Your Nagios setup is solid. It checks disk usage, monitors service health, catches latency spikes before your users do. The problem surfaces at 2 AM when a CRITICAL alert fires and the notification goes to a flat email list—or worse, to someone who is on vacation, or to a team that has nothing to do with the affected service.
Nagios was designed to detect problems. It was not designed to manage on-call schedules, escalate through tiers of responders, or deduplicate a flapping service from generating 200 pages in an hour. That is the gap this post covers: how to wire Nagios into Alert24 so every alert reaches the right engineer based on who is actually on call right now, which service is affected, and what escalation path applies if the first responder doesn't acknowledge.
How the Integration Works
The core mechanism is a Nagios event handler—a script that Nagios calls whenever a host or service changes state. Instead of (or in addition to) sending email, your event handler posts a structured payload to the Alert24 ingest API. Alert24 then owns everything downstream: who gets paged, when escalations kick in, and how duplicates are suppressed.
This keeps Nagios doing what it does well and delegates the human-routing problem to a tool built for it.
Step 1: Create the Event Handler Script
Nagios event handlers are shell scripts (or any executable) that receive state information as arguments. Create the following script at /usr/local/nagios/libexec/alert24_handler.sh:
#!/bin/bash
# alert24_handler.sh
# Called by Nagios for service state changes.
# Arguments passed by Nagios:
# $1 = service state (OK, WARNING, CRITICAL, UNKNOWN)
# $2 = state type (SOFT, HARD)
# $3 = attempt number
# $4 = service description
# $5 = host name
SERVICESTATE="$1"
SERVICESTATETYPE="$2"
SERVICEATTEMPT="$3"
SERVICEDESC="$4"
HOSTNAME="$5"
ALERT24_API_KEY="your_api_key_here"
ALERT24_ROUTING_KEY="your_routing_key_here"

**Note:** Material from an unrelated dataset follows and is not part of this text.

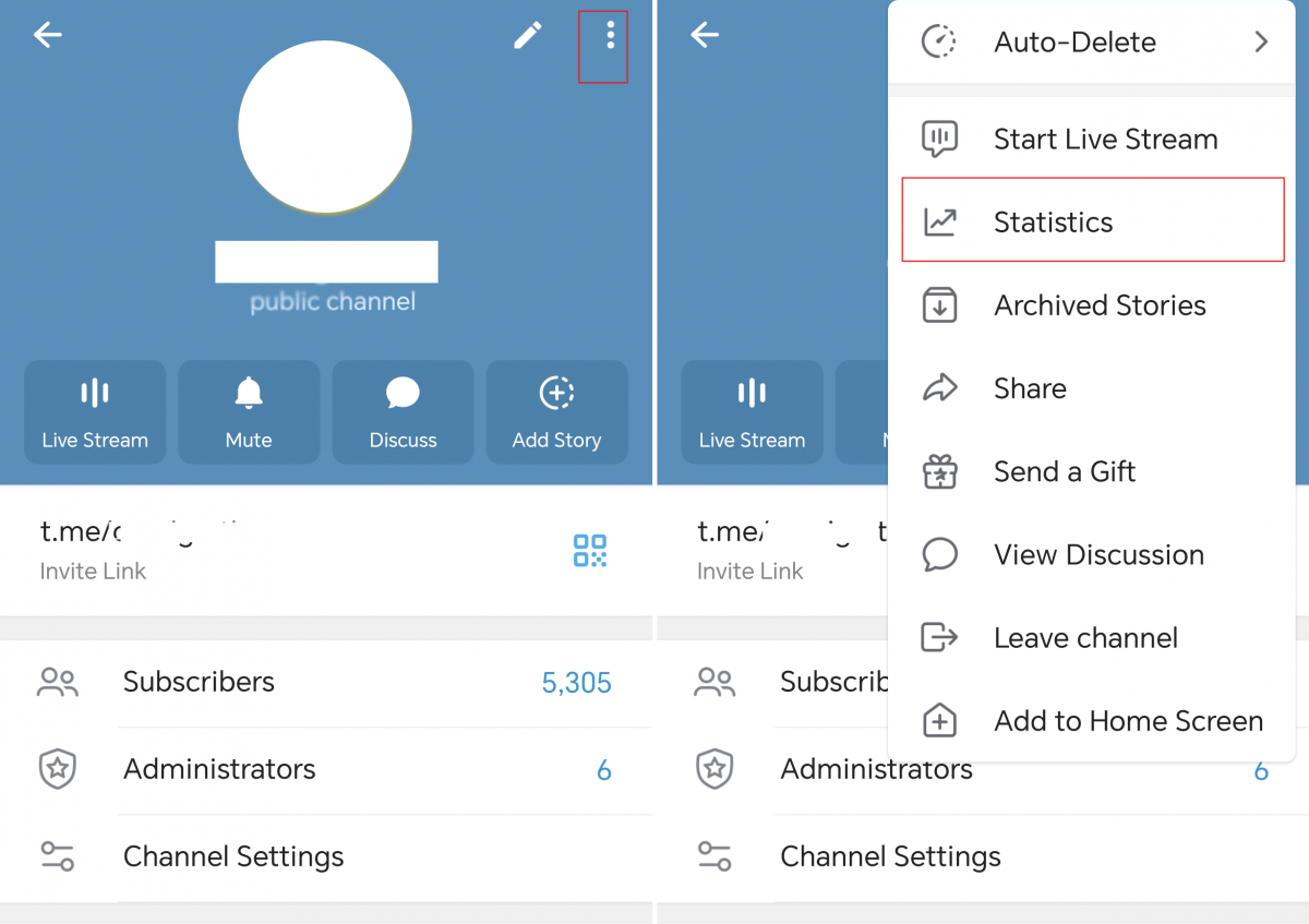 Данные можно посмотреть в приложении Telegram. Перейдите в свой канал и нажмите на строку с названием. Кликните на три точки и выберите нужную иконку.

# Only page on HARD states to avoid noise during soft retries
if [ "$SERVICESTATETYPE" != "HARD" ]; then
exit 0
fi
if [ "$SERVICESTATE" = "OK" ]; then
EVENT_ACTION="resolve"
else
EVENT_ACTION="trigger"
fi
DEDUP_KEY="${HOSTNAME}/${SERVICEDESC}"
curl -s -X POST https://api.alert24.io/v1/events \
-H "Content-Type: application/json" \
-H "Authorization: Bearer ${ALERT24_API_KEY}" \
-d "{
\"routing_key\": \"${ALERT24_ROUTING_KEY}\",
\"event_action\": \"${EVENT_ACTION}\",
\"dedup_key\": \"${DEDUP_KEY}\",
\"payload\": {
\"summary\": \"${SERVICEDESC} is ${SERVICESTATE} on ${HOSTNAME}\",
\"source\": \"nagios\",
\"severity\": \"$(echo $SERVICESTATE | tr '[:upper:]' '[:lower:]')\",
\"custom_details\": {
\"host\": \"${HOSTNAME}\",
\"service\": \"${SERVICEDESC}\",
\"state_type\": \"${SERVICESTATETYPE}\",
\"attempt\": \"${SERVICEATTEMPT}\"
}
}
}"
Make it executable:
chmod +x /usr/local/nagios/libexec/alert24_handler.sh
The dedup_key field is what prevents alert storms. If Nagios checks a service every 30 seconds and it stays in a CRITICAL state, every subsequent call with the same dedup_key updates the existing incident rather than creating a new one. Your on-call engineer gets one page, not hundreds.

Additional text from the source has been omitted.